2.5.1 Optimistic Initial Values:#

  • Definition: the method that encourages exploration (only in the beginning) by setting the initial action values to a large positive number.

  • Performance: As an example, in 10-armed bandit testbed introduced in section 2.3, we now set \(Q_1(a)=+5\) for all \(a\) (which is wildly optimistic since action values are given by standard normal distribution). Perform the experiment again use the same setting as before, i.e., averaging 2000 runs with each run up to 1000 time steps

    Optimistic initial value
    • Initially, the optimistic method performs worse because it explores more, but eventually it performs better because its exploration decreases with time.

    • At the beginning, the optimistic method has a sharp rise in optimal action ratio because of its frequent exploration.

  • Properties:

    • It is not well suited to nonstationary problems because its drive for exploration is inherently temporary, i.e., only in the beginning of a run.
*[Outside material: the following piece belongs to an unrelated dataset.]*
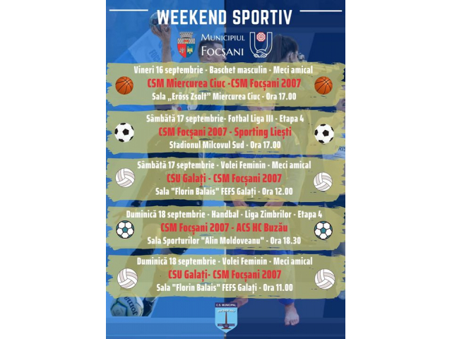 Weekend bogat în evenimente pentru pasionații de sport din Focșani. Echipele noastre angrenate în competițiile sportive vor evolua atât pe teren propriu cât și în deplasare.

    • Nevertheless, these simple methods (including sample-average methods), and one of them, or some simple combination of them, is often adequate in practice.
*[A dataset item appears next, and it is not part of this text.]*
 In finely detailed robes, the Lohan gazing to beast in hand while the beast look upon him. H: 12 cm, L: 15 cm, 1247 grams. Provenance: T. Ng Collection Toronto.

2.5.2 Upper-Confidence-Bound Action Selection#

  • Definition: explores actions by taking their uncertainty into account as below:

    \[ A_t \dot= \underset{a}{\arg\max} [Q_{t}(a) + c\sqrt{\frac{ln(t)}{N_t(A)}}] \]
    • \(t\) denotes the current time step

    • \(N_t(A)\) denotes the number of action \(A\) being selected up to time step \(t\)
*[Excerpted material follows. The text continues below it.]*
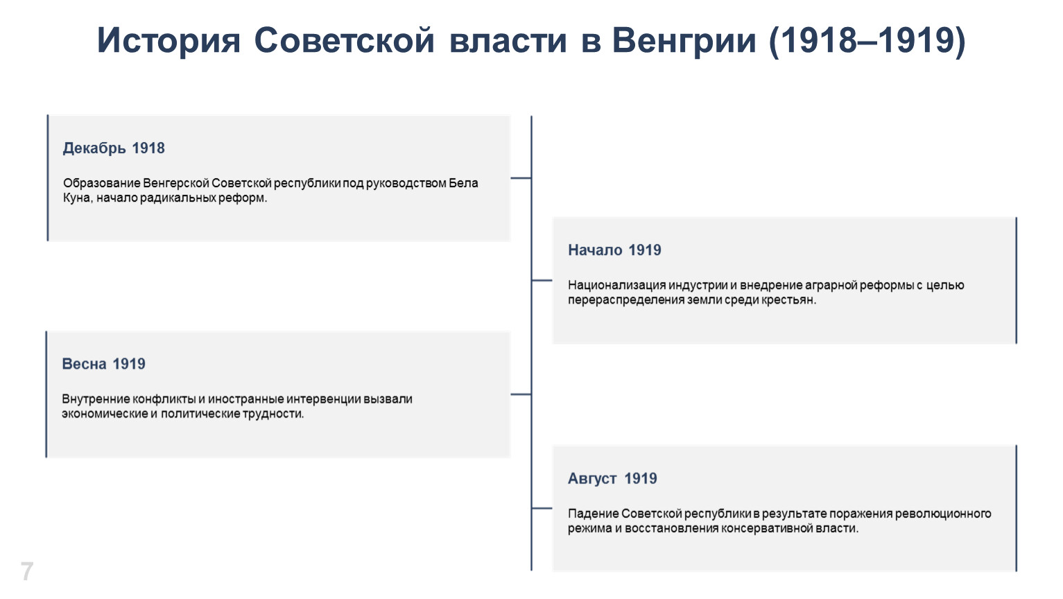 Декабрь 1918 Образование Венгерской Советской республики под руководством Бела Куна, начало радикальных реформ.

    • \(c>0\) controls the degree of exploration

  • Intuition:

    • Naming convention: The square-root term is a measure of the \(\textit{uncertainty}\) or variance in the estimate of \(a\)’s value. The quantity being maximized over is thus a sort of upper bound on the possible true value of action \(a\), with \(c\) determining the confidence level.

    • Working mechanism:

      • Each time \(a\) is selected the uncertainty is presumably reduced: \(N_t(a)\) increments, and, as it appears in the denominator, the uncertainty term decreases.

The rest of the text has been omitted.